■ **PROBLEM TO WORK ON**
Would you give back exactly the lines from the line with "3年生の英語の授業では、最初" through the end of the entries below, both included, but none of the pictures?

EXERCISE MATERIAL section start

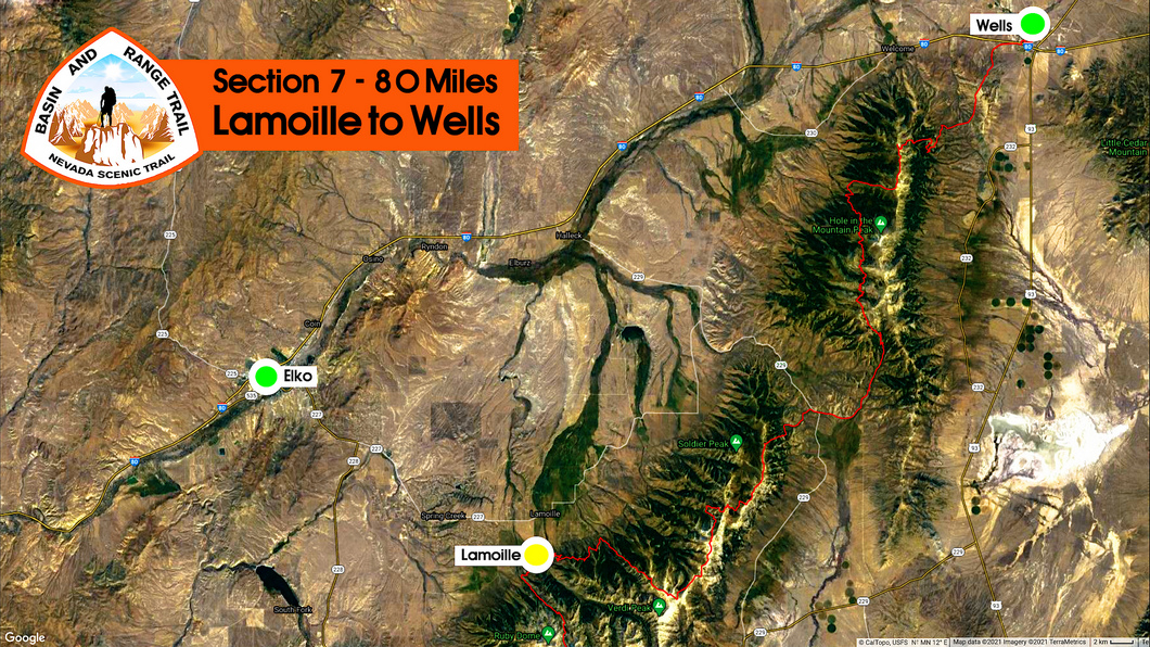 The goal of this section is to make it through the East Humboldt Range to Gray's Peak, where you will cross the divide and drop down to Angel Lake, making the end of the wettest section along this route. Walk into the town of Wells from here to resupply.
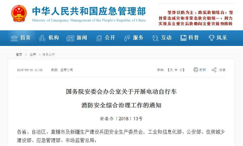 2018515日國(guó)務(wù)院發(fā)布《國(guó)務(wù)院安委會(huì)辦公室關(guān)于開展電動(dòng)自行車消防安全綜合治理工作的通知》開展電動(dòng)自行車消防安全綜合治理工作。
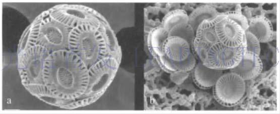 (十)定鞭藻類中,值得一提的有一類微藻,其細胞在一定的時期,表面會形成碳酸鈣質的鱗片狀物質,如倒扣的碟子狀(如圖10),這個結構成為“顆石”,這類藻被稱之為顆石藻類(Coccoliths)。當細胞死亡后,表面的“碟子”就會分散脫落,它是構成海底鈣質軟泥的主要成分。另有研究認為,石灰質的白堊就是由顆石藻和有孔蟲等微小生物的尸體沉積而成(如英國多佛白崖)。圖11所示的藻稱為赫氏顆石藻(Emiliania huxleyi),是一種典型的顆石藻,廣泛分布與世界各個海區(qū)(除極地區(qū)域),這種藻最大的特點就是上文提到的碳酸鈣(方解石)外殼,形成這個外殼的過程,相當于永久性的固定大氣中的二氧化碳,另外赫氏顆石藻在自然海域中會成為優(yōu)勢種,形成獨特的白色藻華,這種藻華被稱為白水現(xiàn)象(white water,http://www.soes.soton.ac.uk/staff/tt/eh/)。
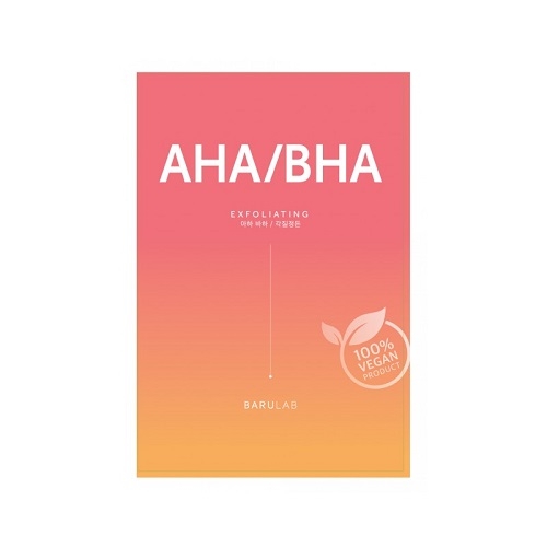 Maschera in tessuto biodegradabile con AHA/BHA che aiuta a idratare ed esfoliare la pelle.
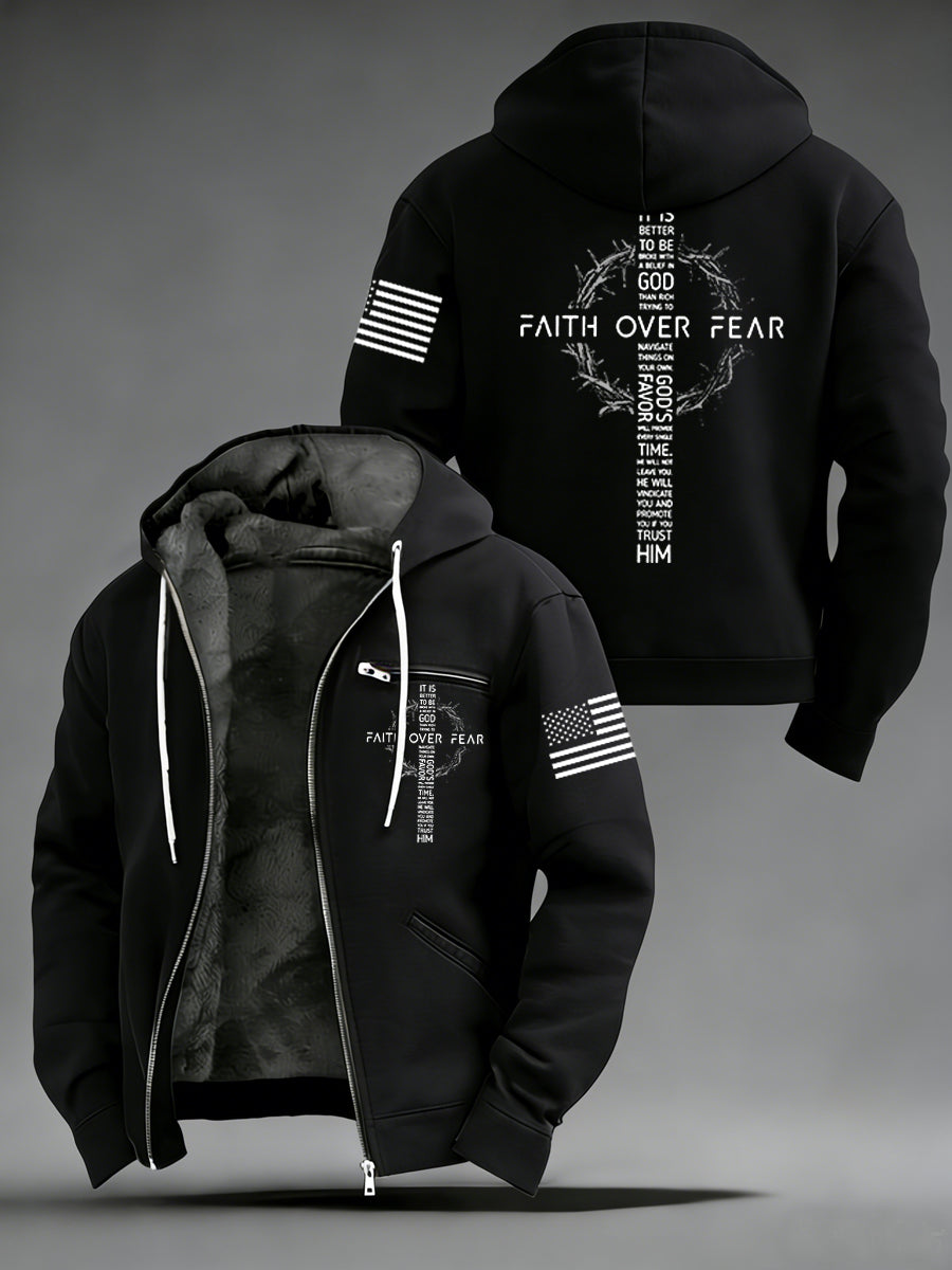 Men's Faith Over Fear USA Flag Print Casual Zipper Hooded Plush Jacket
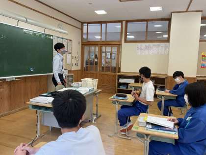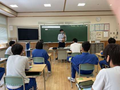 3年生の英語の授業では、最初にウクレレ(先生の趣味だそうです!)を用いて、既習表現の復習をしました。生徒たちは、初めて見るウクレレに興味津々でした。
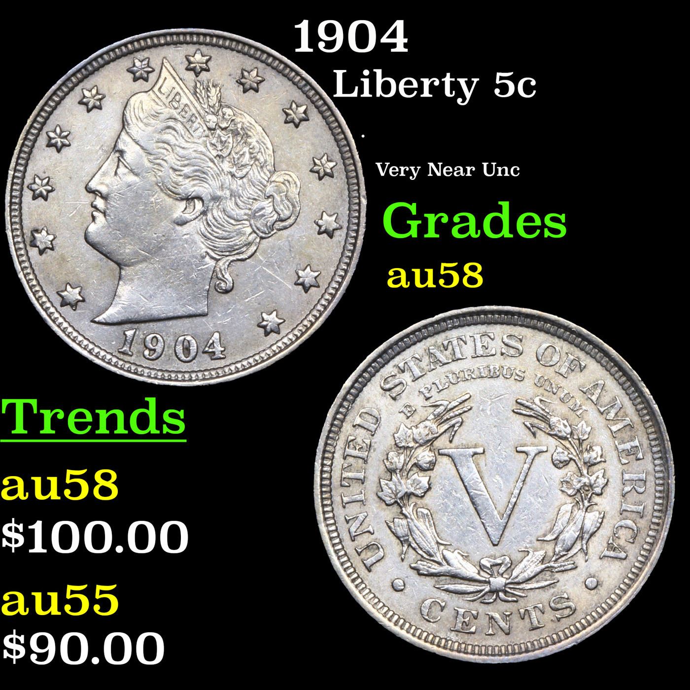 1904 Liberty Nickel 5c Grades Choice AU/BU Slider.

EXERCISE MATERIAL section end

■ **ANSWER SPACE**
 3年生の英語の授業では、最初にウクレレ(先生の趣味だそうです!)を用いて、既習表現の復習をしました。生徒たちは、初めて見るウクレレに興味津々でした。
 1904 Liberty Nickel 5c Grades Choice AU/BU Slider.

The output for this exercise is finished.